Magnetic field

Figure 1: Magnetic field lines from a bar magnet visualized using iron filings.[1]

Magnetic fields are produced by changing electric fields, usually through moving charges such as electrons, often in the form of a macroscopic electric current (like the current in a wire) or a microscopic current (such as in an atomic orbit).[2] In one of the most beautiful examples of symmetry in physics, changing magnetic fields create electric fields. These electric fields that come from changing magnetic fields are how electric generators can create electric current.

A magnetic field is a vector field, meaning it has a specified magnitude and direction at any point. The SI unit of magnetic field is the Tesla (T) in honor of physicist Nikola Tesla, with units of N/A·m. The Tesla is a huge unit, with a 1 T magnetic field being quite large. A smaller unit—the Gauss (named after the great physicist/mathematician Carl Friedrich Emmanuel Gauss) is one ten thousandth of a Tesla. The magnetic field of the Earth is roughly 1 Gauss, (but it varies depending on where the measurement is taken), so 1 T is a magnetic field ten thousand times stronger than Earth's!

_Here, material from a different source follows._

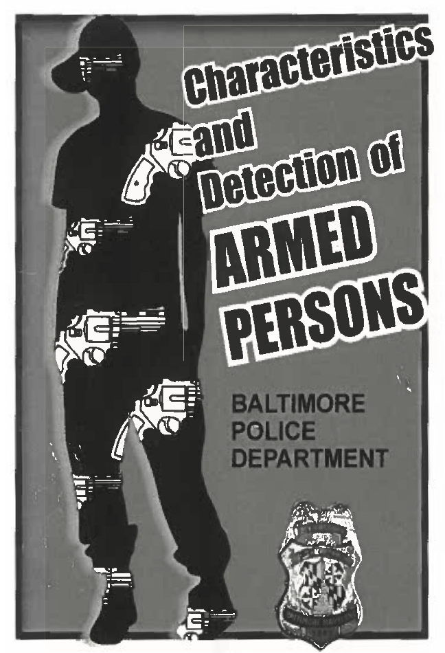 As the booklet cover attempts to illustrate, the CAP framework is all about finding concealed guns. The framework consists of a list of traits that purportedly indicate that a person may be armed. This includes someone who wears seasonally inappropriate clothing, a tailored shirt untucked, an outfit with something that does not match (like suit pants with a windbreaker), only one glove, or a fanny pack or an unzipped shoulder bag. It also includes someone who turns their body, touches their waistband, or wears or uses a shoulder bag but keeps their wallet in their pocket.

Magnets are materials that have a magnetization caused by microscopic properties of atoms and the magnetic field they produce is characterized by their north and south poles. The direction of these magnetic fields always points from the north pole to the south pole. This convention can be used to determine the force the magnet will apply on a charge, and how one magnet will interact with other magnets.

Magnetic fields are different from electric fields and gravitational fields, in that the force they apply on an object is not parallel to the field. A magnetic field actually acts perpendicular to a moving charge in its presence. To learn more about how this force is applied to a moving charge, visit hyperphysics.

Magnetic Field of the Earth

The Earth has its own magnetic field, which was originally thought to be from its iron composition in the core, but is now surmised to be created by circulating electric currents in the liquid core.[5] The magnetic field of the Earth protects life from harmful solar winds from the Sun, whose charged particles would otherwise strip away the ozone layer that protects the Earth from harmful ultraviolet radiation (shown in Figure 4).[6] The interaction of the Earth's magnetic field and solar wind produces the well-known phenomena of the Auroras, shown in Figure 5.

Pole Naming Convention of the Earth

Although it is logical to assume that the North and South Pole on the Earth represent the North and South poles of a very large bar magnet, this is not the case. The north pole is the direction that the north end of a compass points. What people on Earth generally refer to as the North Pole in the geographic sense is actually the magnetic south pole, and vice versa. This means that if a compass needle is pointing towards the geographic North Pole of the Earth, the compass needle is aligned with the south magnetic pole.[9][10]